## Requirement
Exactly the lines below from the one with "यसैबीच शनिबार महोत्सवमा" up to and including the one with "We are now inside" make up the answer, with nothing else added.

———

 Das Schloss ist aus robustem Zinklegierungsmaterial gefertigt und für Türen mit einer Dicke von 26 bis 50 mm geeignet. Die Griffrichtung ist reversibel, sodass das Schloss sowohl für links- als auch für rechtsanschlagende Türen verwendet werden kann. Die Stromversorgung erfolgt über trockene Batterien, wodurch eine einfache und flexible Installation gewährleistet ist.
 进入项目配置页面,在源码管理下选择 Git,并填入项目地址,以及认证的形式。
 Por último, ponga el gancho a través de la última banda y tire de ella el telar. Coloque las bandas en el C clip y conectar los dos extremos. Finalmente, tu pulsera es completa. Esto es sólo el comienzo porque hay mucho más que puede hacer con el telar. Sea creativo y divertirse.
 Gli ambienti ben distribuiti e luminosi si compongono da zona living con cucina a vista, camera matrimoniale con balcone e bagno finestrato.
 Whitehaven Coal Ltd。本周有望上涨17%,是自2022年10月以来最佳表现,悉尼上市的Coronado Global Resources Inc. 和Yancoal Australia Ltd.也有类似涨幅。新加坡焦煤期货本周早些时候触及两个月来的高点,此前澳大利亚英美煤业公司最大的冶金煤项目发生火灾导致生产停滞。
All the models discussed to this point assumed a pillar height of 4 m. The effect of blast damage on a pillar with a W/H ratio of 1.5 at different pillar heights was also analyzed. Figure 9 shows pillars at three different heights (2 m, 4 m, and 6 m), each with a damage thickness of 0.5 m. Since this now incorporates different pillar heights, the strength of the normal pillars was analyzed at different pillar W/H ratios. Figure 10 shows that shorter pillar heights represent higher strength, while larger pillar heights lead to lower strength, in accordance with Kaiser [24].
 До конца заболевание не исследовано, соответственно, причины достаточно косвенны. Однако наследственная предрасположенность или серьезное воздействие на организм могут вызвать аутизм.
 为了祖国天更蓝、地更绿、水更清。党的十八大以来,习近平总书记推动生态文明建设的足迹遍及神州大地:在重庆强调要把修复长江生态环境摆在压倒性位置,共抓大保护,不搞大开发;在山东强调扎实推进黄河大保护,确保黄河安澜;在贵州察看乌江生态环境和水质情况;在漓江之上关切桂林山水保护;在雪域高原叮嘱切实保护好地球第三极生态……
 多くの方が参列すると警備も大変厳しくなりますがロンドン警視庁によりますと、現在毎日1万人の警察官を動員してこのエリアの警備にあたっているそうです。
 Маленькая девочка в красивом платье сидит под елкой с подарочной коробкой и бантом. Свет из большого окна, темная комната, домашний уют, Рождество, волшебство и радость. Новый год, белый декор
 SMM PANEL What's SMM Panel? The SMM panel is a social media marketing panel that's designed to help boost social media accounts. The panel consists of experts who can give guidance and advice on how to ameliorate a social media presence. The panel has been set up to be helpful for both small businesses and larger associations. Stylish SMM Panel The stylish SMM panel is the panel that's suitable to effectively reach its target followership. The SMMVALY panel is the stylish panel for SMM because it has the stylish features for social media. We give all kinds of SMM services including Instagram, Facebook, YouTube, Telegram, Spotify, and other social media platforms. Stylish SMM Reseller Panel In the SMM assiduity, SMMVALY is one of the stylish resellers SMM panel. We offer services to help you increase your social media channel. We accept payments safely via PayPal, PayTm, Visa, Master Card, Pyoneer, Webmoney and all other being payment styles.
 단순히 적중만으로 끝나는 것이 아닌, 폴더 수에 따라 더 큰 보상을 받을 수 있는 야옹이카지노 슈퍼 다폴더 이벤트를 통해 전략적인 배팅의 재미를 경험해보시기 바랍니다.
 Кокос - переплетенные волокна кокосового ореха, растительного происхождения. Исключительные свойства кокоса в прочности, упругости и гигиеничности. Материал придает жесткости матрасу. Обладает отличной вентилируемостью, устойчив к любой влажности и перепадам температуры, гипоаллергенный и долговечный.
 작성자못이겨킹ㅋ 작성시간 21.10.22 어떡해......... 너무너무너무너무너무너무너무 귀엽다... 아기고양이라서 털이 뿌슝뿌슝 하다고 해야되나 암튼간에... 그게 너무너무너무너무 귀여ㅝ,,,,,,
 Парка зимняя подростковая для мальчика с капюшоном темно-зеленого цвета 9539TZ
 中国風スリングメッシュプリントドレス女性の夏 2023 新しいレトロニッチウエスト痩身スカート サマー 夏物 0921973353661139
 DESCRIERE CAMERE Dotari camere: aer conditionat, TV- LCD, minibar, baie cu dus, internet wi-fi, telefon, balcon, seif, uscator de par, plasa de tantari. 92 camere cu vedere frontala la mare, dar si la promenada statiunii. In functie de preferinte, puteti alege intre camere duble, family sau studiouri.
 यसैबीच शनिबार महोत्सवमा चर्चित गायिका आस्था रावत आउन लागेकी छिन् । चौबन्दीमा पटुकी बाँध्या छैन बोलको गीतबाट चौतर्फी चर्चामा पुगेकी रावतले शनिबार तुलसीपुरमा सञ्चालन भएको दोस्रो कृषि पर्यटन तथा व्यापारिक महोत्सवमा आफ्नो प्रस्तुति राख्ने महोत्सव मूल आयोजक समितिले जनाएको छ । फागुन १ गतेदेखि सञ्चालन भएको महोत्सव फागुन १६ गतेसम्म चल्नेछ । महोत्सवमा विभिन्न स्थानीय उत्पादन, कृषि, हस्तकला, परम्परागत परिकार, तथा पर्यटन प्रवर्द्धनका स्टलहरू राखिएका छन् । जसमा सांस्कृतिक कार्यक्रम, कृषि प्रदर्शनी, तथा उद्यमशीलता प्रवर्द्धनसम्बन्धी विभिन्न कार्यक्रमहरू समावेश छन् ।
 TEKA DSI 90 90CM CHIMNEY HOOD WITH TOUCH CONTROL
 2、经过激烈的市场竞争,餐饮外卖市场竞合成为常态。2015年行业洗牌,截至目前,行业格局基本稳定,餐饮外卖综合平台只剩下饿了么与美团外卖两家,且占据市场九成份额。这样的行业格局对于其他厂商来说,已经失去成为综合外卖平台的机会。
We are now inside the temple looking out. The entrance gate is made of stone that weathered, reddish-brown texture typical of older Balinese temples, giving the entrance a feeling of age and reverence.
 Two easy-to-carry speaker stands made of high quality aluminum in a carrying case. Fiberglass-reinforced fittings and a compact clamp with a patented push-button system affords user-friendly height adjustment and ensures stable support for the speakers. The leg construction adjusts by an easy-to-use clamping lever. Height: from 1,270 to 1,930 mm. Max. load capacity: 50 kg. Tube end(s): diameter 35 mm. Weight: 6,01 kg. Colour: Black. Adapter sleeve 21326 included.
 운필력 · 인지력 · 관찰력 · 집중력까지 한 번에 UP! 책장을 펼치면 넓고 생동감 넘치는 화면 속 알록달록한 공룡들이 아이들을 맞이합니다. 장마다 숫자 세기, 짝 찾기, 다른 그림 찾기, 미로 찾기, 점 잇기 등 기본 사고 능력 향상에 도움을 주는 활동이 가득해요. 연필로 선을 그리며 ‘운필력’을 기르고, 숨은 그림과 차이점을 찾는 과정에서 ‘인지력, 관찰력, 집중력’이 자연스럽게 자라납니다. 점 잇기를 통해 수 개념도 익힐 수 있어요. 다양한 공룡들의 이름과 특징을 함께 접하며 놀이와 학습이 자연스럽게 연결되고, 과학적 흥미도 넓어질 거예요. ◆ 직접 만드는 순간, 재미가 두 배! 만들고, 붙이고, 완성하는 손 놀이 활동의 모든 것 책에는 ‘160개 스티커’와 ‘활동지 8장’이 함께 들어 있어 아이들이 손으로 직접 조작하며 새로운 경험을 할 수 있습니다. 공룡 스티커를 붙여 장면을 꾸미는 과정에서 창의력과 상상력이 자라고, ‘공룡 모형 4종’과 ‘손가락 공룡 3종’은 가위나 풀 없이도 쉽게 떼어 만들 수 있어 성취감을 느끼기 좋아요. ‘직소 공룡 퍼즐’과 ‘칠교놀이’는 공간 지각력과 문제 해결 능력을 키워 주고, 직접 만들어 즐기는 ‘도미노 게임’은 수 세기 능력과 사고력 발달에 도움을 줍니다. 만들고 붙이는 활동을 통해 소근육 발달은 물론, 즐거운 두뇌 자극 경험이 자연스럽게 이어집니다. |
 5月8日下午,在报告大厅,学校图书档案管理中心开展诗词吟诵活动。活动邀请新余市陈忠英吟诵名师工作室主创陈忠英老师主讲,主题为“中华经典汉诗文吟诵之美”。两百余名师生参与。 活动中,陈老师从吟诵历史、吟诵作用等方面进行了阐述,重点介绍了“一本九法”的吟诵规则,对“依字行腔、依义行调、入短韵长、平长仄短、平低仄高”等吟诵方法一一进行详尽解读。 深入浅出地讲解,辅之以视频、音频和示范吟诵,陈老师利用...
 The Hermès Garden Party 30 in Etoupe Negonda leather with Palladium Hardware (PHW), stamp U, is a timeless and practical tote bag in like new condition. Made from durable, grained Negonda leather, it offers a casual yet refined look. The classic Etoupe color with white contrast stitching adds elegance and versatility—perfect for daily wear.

———

## Solution to the exercise
 यसैबीच शनिबार महोत्सवमा चर्चित गायिका आस्था रावत आउन लागेकी छिन् । चौबन्दीमा पटुकी बाँध्या छैन बोलको गीतबाट चौतर्फी चर्चामा पुगेकी रावतले शनिबार तुलसीपुरमा सञ्चालन भएको दोस्रो कृषि पर्यटन तथा व्यापारिक महोत्सवमा आफ्नो प्रस्तुति राख्ने महोत्सव मूल आयोजक समितिले जनाएको छ । फागुन १ गतेदेखि सञ्चालन भएको महोत्सव फागुन १६ गतेसम्म चल्नेछ । महोत्सवमा विभिन्न स्थानीय उत्पादन, कृषि, हस्तकला, परम्परागत परिकार, तथा पर्यटन प्रवर्द्धनका स्टलहरू राखिएका छन् । जसमा सांस्कृतिक कार्यक्रम, कृषि प्रदर्शनी, तथा उद्यमशीलता प्रवर्द्धनसम्बन्धी विभिन्न कार्यक्रमहरू समावेश छन् ।
 TEKA DSI 90 90CM CHIMNEY HOOD WITH TOUCH CONTROL
 2、经过激烈的市场竞争,餐饮外卖市场竞合成为常态。2015年行业洗牌,截至目前,行业格局基本稳定,餐饮外卖综合平台只剩下饿了么与美团外卖两家,且占据市场九成份额。这样的行业格局对于其他厂商来说,已经失去成为综合外卖平台的机会。
We are now inside the temple looking out. The entrance gate is made of stone that weathered, reddish-brown texture typical of older Balinese temples, giving the entrance a feeling of age and reverence.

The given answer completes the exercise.